DATASET:
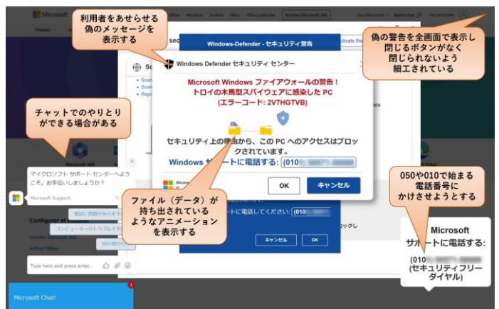
最近の口口で確認された偽のセキュリティ警告画面の例(※体験サイトとは異なります)

KEEP OUT KEEP OUT KEEP OUT KEEP OUT KEEP OUT
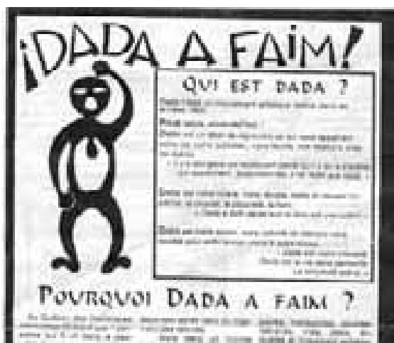
Fig. 3.23 Extrait d'un document de Dada a faim

Dada a faim s'est formé au printemps 2002 à la suite de l'expérience de comités de récupération et cuisine de nourriture qui avaient été organisés dans le cadre des
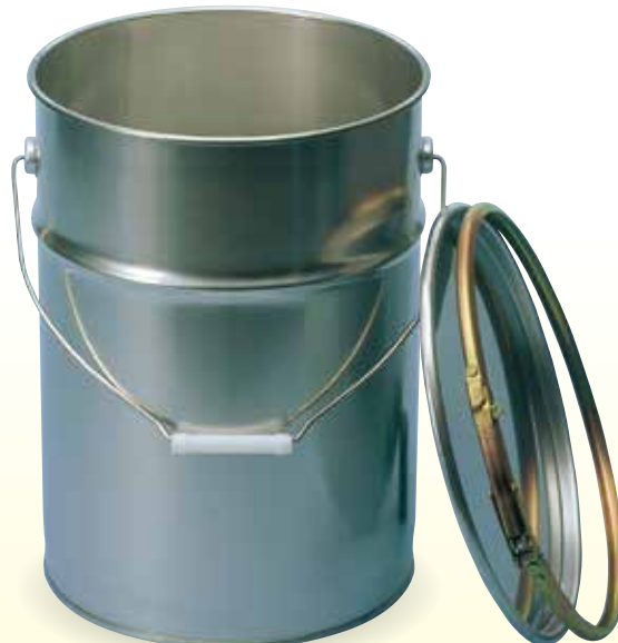
ステンレスペール缶
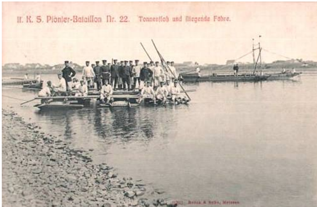
Kgl. Sächs. 2. Pionier-Bataillon Nr. 22 - Tonnenfloß und fliegende Fähre, 1910.

Områdets naturlige og kunstige vandhindringer, gav god brug for feltbrotrænet ved 5. og 6. Reserveinfanteridivision (se Del 1), men også mere improviseret materiel, så som færger og stormspange.
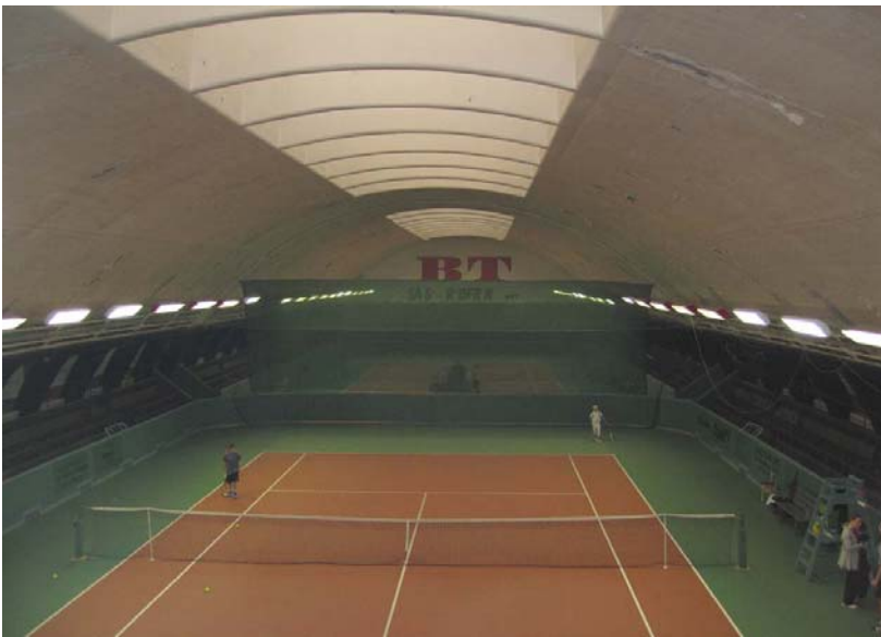
Ill. 4. Tennisbane nærmest indgangen fra klublokalerne.
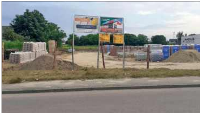
W Wilanowie nie chcą Dino, w powiecie mieleckim powstaje kolejny sklep sieci.

Podczas gdy w Warszawie budowa pierwszego sklepu Dino wywołuje burzliwą dyskusję i protesty części mieszkańców Wilanowa, w Radomyślu Wielkim w powiecie mieleckim powstaje kolejny market tej ogólnopolskiej sieci. Prace budowlane trwają przy ulicy Armii Krajowej.
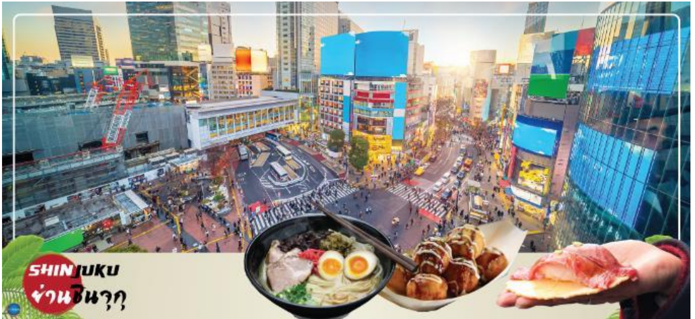
SHINJUKU ย่านชินจุกุ

นำท่านช้อปปิ้ง ย่านชินจุกุ (Shinjuku) ให้ท่านอิสระและเพลิดเพลินกับการช้อปปิ้งสินค้ามากมาย ทั้งเครื่องใช้ไฟฟ้า กล้องถ่ายรูปดิจิตอล นาฬิกา เครื่องเล่นเกม หรือสินค้าที่จะเอาใจคุณผู้หญิงด้วย กระเป๋า รองเท้า เสื้อผ้า แบรินด์เนม เสื้อผ้าแฟชั่นสำหรับวัยรุ่น เครื่องสำอางยี่ห้อดังของญี่ปุ่นไม่ว่าจะเป็น KOSE, KANEBO, SK II, SHISEDO และอื่นๆ อีกมากมาย ห้ามพลาด!!! จุดเช็คอินแห่งใหม่ ของชาวโซเชียล นั่นก็คือ เมวยักษ์ 3 มิติ ที่โพลันจอลแอลอีดีมีขนาดมหึมา จมมีความโค้งขนาด 154 ตารางเมตร (1,664 ตารางฟุต) เสียงที่ออกจากลำโพงคุณภาพเกรดดี ความละเอียดภาพระดับ 4K ถือเป็นเทคโนโลยีระดับสูง ที่ให้ภาพเสมือนจริงปรากฏเป็นภาพแมวเหมียวเดินเล่นไปมาอยู่เหนือ กรุงโตเกียว นอกจากเมวยักษ์แล้ว ท่านยังสามารถรับชมโฆษณาต่างๆ ที่ถูกครีเอทให้เป็นภาพ 3 มิติ ผ่านจอแอลอีดีนี้ ไม่ว่าจะเป็น แพนด้า, รองเท้าไนกี้, น้องหมา Pompompurin, จานบิน UFO แม้แต่หุ่นยนต์เครื่องดูดฝุ่น ท่านสามารถรับชมและเก็บภาพได้ตามอัธยาศัย

EXERCISE:
In the listing above, find the line containing "Ill. 4. Tennisbane" and the line containing "SHINJUKU ย่านชินจุกุ"; print those lines and every line between them exactly, leaving out pictures.

WRITTEN ANSWER:
Ill. 4. Tennisbane nærmest indgangen fra klublokalerne.
W Wilanowie nie chcą Dino, w powiecie mieleckim powstaje kolejny sklep sieci.

Podczas gdy w Warszawie budowa pierwszego sklepu Dino wywołuje burzliwą dyskusję i protesty części mieszkańców Wilanowa, w Radomyślu Wielkim w powiecie mieleckim powstaje kolejny market tej ogólnopolskiej sieci. Prace budowlane trwają przy ulicy Armii Krajowej.
SHINJUKU ย่านชินจุกุ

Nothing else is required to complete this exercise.